Converting folate into methylfolate allows the body to properly undergo a process called methylation. From here, it will help the body function in a variety of ways including detoxification, gene expression, producing energy, regulating hormones and neurotransmitters, lowering histamine levels in the blood, improving immune cells, building and repairing RNA/DNA, and regulating mood.

As you can see, Vitamin B9 is extremely essential to a daily healthy diet. At the same time, it will need to go through a complex set of processes before being available for the body -- especially if it’s in the form of folic acid. This is why the source of Vitamin B9 is extremely important when supplementing.

In the late 1980s, a discovery was made that changed the way we viewed the MTHFR gene and studies today continue to learn more about how it affects the body -- and your child’s health. The discovery was made utilizing enzymatic assays of lymphocyte extracts and it showed a thermolabile variation of the MTHFR gene we’ve come to know and love.

It wasn’t long after that a second variant, also known as a mutation, was found in the MTHFR gene. Today, scientists have discovered many different variations occurring in the gene, though only two of them have been at the forefront of active studies -- C677T and A1298C.

A mutation of the gene is simply a change in genetic sequence, meaning there’s a good chance that gene underperforms, overperforms, or doesn’t perform at all. Since your body works like a domino effect, this can cause a wide variety of issues in the body.

The reason why this has caused so many questions around a child’s health is that genes are passed on from father and mother to the child. In fact, you and your partner will each give your biological child one copy of the MTHFR gene. If either one of you has a mutation, there’s a chance your child gets it too. If either of you has two variants of the mutation, your child will at least get one.

As you can imagine, the symptoms will get worse the more variations you have. Having a copy of the C677T variant can potentially cause the gene to lose 30% of its function, while two copies of it could spike that number up to 70%. Two copies of the A1298C variant could lead to a 40% loss of MTHFR function in the body.

Since the MTHFR gene mutation is something we inherit from our parents, it is a lot more common than you’d think. Some ethnicities will have up to a 50% chance of being born with a mutation, while others are much lower at around 10%.

If you are one of the few out there that know they have a mutation, that could be reason enough to want to get your child tested as well. Again, there’s a very good chance you passed it down to them -- especially if your partner has a mutation as well.

Unfortunately, most adults have no idea they are suffering from an MTHFR mutation and others don’t even know what it is. This means children everywhere are likely suffering from a mutation themselves, but don’t know it. Even worse, they won’t be getting any treatment for it.

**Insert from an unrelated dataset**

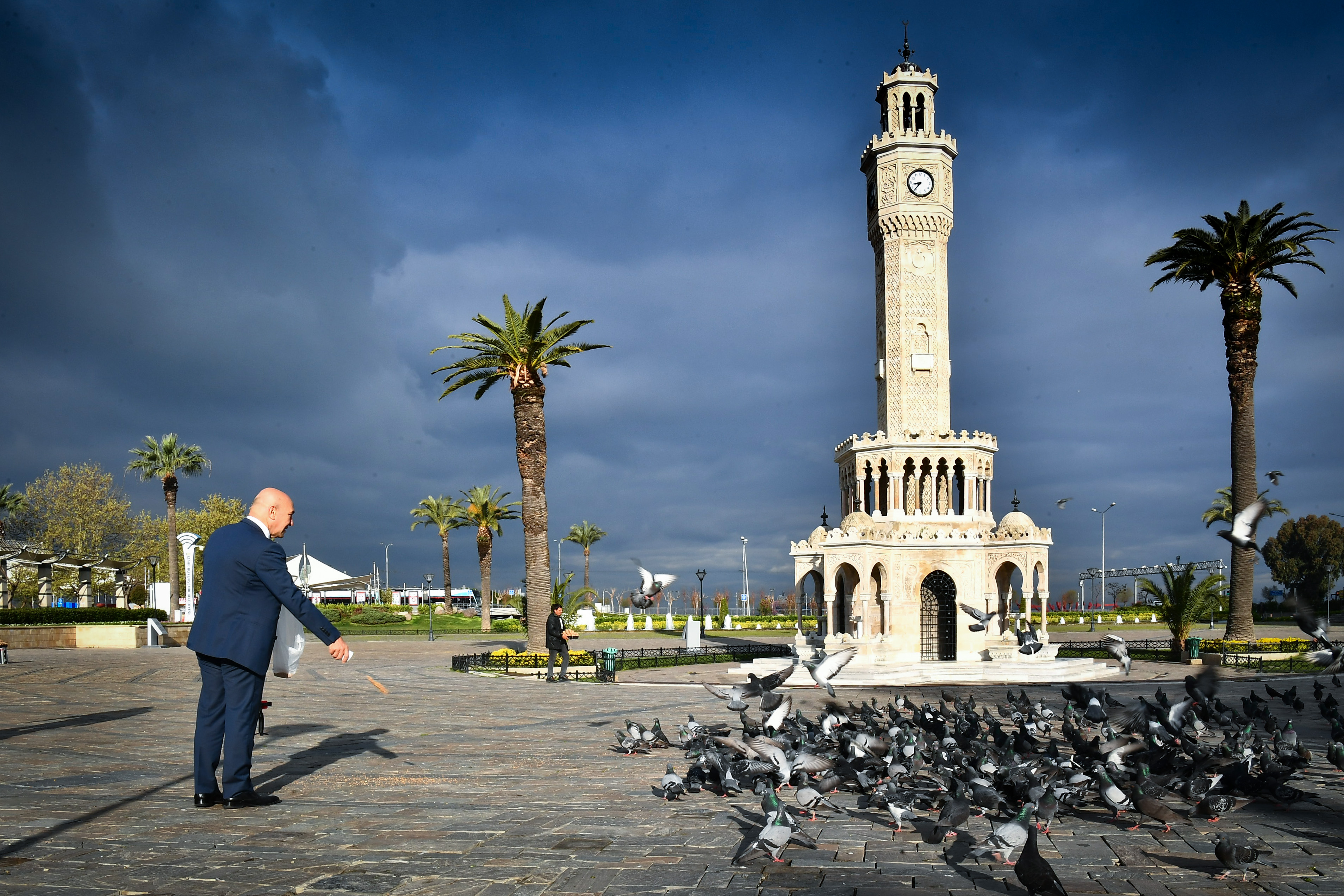 İzmir Büyükşehir Belediye Başkanı Tunç Soyer Konak Meydanı’nın simgesi haline gelen güvercinleri de unutmadı. İzmirlilerin attığı yemlerle beslenen güvercinler, meydanın eski kalabalığını yitirmesi yüzünden aç kalınca her gün bir görevli güvercinleri yemlemeye başladı. Başkan Soyer de özellikle bisikletle geldiği günler, sırt çantasında getirdiği yemlerle güvercinleri besleyerek mesaiye başlıyor.

When looking for symptoms of an MTHFR mutation in your child, there’s going to be good news and bad news. The good news is there are a wide variety of symptoms that doctors and scientists have linked to a mutation. The bad news is they fall in line with the symptoms of many other health issues.

Let’s take a look at some of the most common symptoms of an MTHFR mutation in your child:

• Respiratory issues like asthma
• Allergies and issues with the immune system
• Anxiety, depression, mood swings, ADHD
• Difficulty dealing with stress, overreactions, behavioral issues
• Difficulty focusing, learning, and autism
• Cleft palate, cleft lip, tongue tie, and lip tie
• High levels of homocysteine in the blood

If you notice any of these in your child, it might be time to start considering getting them tested for an MTHFR gene mutation. Although there’s a chance it’ll hardly affect your child and will only cause minor symptoms, it could make all the difference in the world.